>>>>

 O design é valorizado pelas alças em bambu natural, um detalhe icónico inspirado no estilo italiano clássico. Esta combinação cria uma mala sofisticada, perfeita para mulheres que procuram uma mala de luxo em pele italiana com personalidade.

<<<<
>>>>

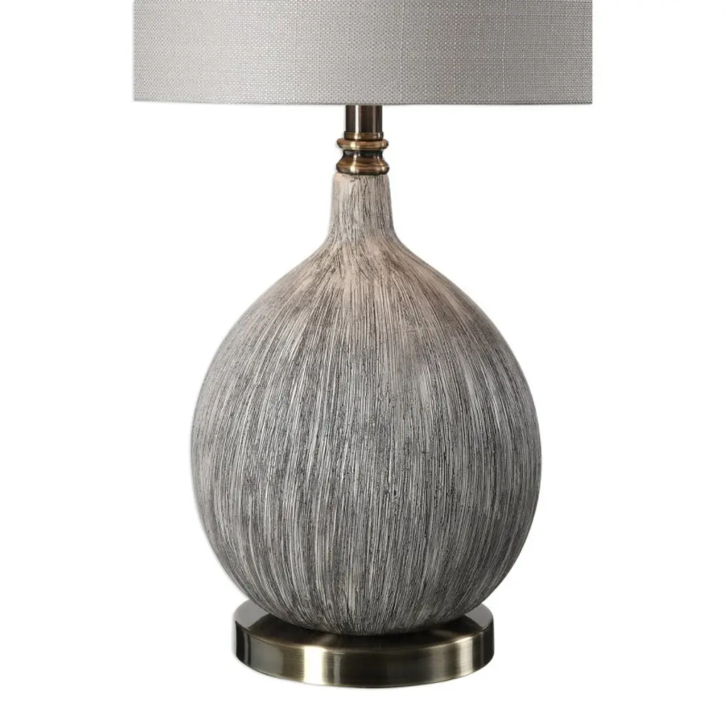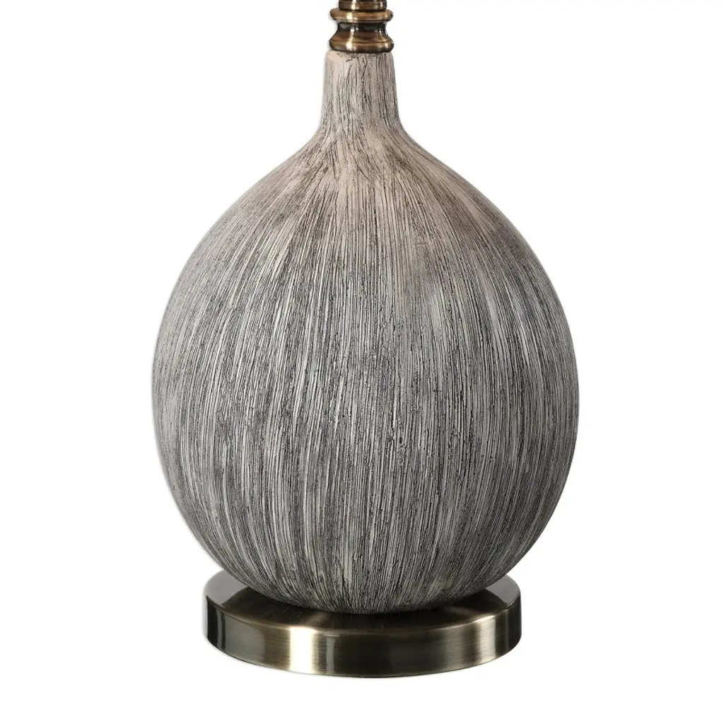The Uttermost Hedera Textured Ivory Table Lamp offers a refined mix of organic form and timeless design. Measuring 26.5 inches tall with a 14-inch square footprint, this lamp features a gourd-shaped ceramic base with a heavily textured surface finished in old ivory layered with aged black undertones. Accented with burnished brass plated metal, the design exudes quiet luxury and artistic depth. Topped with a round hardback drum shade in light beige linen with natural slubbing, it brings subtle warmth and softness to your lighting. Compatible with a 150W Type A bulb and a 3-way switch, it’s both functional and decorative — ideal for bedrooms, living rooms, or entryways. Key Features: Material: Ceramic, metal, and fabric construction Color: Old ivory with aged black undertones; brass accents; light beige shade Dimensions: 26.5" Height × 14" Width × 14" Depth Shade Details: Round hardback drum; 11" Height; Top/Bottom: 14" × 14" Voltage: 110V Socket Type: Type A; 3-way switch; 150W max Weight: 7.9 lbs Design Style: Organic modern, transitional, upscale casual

<<<<
>>>>

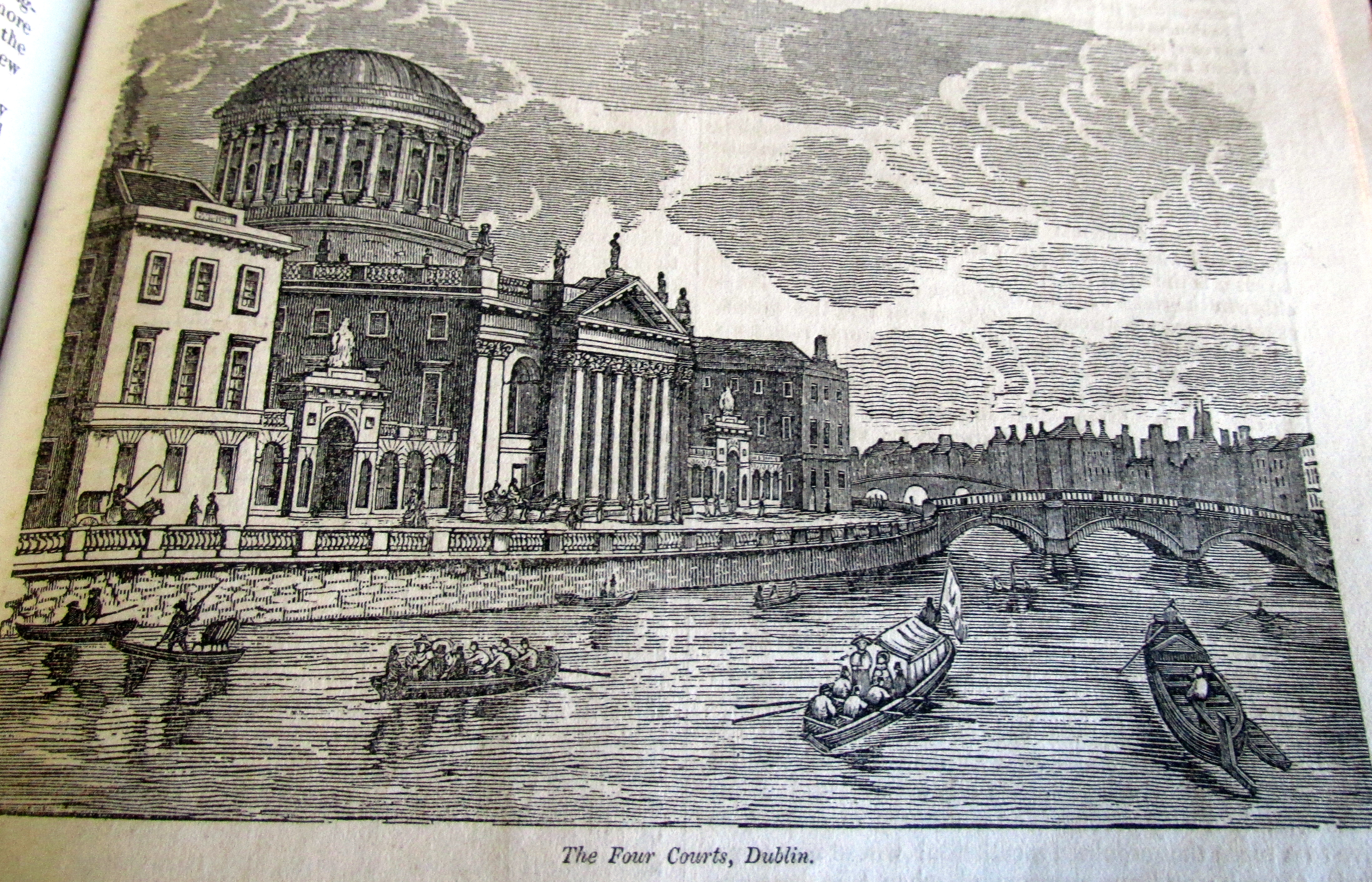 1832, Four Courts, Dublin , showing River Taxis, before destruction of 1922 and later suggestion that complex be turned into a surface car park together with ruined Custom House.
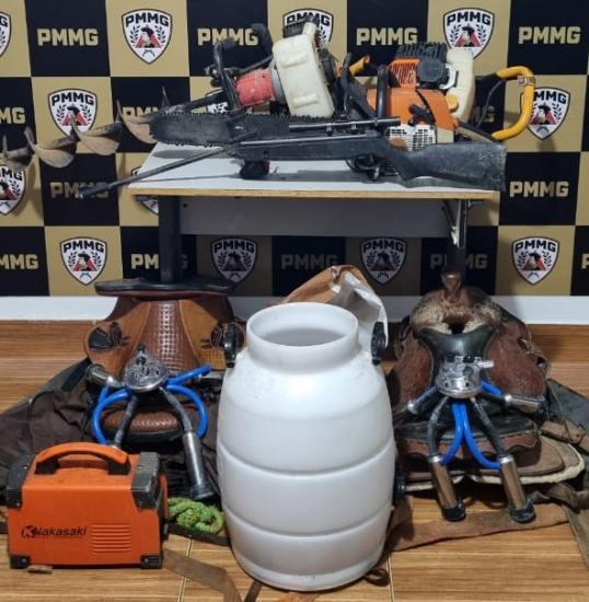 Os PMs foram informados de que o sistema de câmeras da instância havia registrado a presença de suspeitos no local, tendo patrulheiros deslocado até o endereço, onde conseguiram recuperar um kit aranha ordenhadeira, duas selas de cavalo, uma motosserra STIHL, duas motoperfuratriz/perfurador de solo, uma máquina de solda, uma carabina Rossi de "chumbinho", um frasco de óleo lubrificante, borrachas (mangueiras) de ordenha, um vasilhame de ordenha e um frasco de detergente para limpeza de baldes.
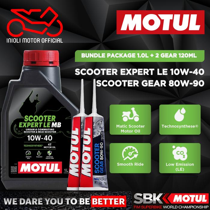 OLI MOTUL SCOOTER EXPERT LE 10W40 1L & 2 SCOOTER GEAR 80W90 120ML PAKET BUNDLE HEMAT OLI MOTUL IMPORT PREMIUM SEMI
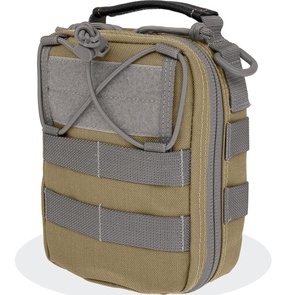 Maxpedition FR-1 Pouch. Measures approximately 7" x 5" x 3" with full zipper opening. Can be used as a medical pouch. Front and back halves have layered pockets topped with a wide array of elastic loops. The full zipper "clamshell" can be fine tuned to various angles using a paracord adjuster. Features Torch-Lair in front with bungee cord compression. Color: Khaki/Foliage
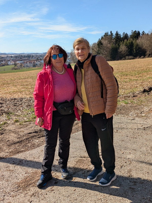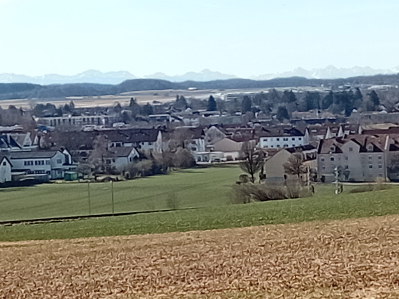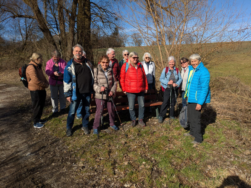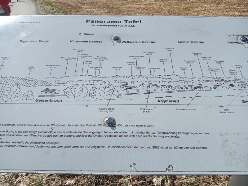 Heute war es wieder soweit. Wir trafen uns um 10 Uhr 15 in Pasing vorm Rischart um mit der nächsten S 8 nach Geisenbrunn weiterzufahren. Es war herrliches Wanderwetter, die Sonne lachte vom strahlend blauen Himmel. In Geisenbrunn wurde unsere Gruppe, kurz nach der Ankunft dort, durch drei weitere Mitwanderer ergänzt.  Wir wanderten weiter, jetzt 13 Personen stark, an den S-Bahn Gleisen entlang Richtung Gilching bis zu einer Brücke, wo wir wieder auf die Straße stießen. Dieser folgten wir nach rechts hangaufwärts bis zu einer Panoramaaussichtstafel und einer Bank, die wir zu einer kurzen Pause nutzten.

<<<<

● Brief:
Your output should be the lines above from the one that contains "1832, Four Courts, Dublin" through the one that contains "Maxpedition FR-1 Pouch.", word for word, with pictures left out.

● Solved problem:
 1832, Four Courts, Dublin , showing River Taxis, before destruction of 1922 and later suggestion that complex be turned into a surface car park together with ruined Custom House.
 Os PMs foram informados de que o sistema de câmeras da instância havia registrado a presença de suspeitos no local, tendo patrulheiros deslocado até o endereço, onde conseguiram recuperar um kit aranha ordenhadeira, duas selas de cavalo, uma motosserra STIHL, duas motoperfuratriz/perfurador de solo, uma máquina de solda, uma carabina Rossi de "chumbinho", um frasco de óleo lubrificante, borrachas (mangueiras) de ordenha, um vasilhame de ordenha e um frasco de detergente para limpeza de baldes.
 OLI MOTUL SCOOTER EXPERT LE 10W40 1L & 2 SCOOTER GEAR 80W90 120ML PAKET BUNDLE HEMAT OLI MOTUL IMPORT PREMIUM SEMI
 Maxpedition FR-1 Pouch. Measures approximately 7" x 5" x 3" with full zipper opening. Can be used as a medical pouch. Front and back halves have layered pockets topped with a wide array of elastic loops. The full zipper "clamshell" can be fine tuned to various angles using a paracord adjuster. Features Torch-Lair in front with bungee cord compression. Color: Khaki/Foliage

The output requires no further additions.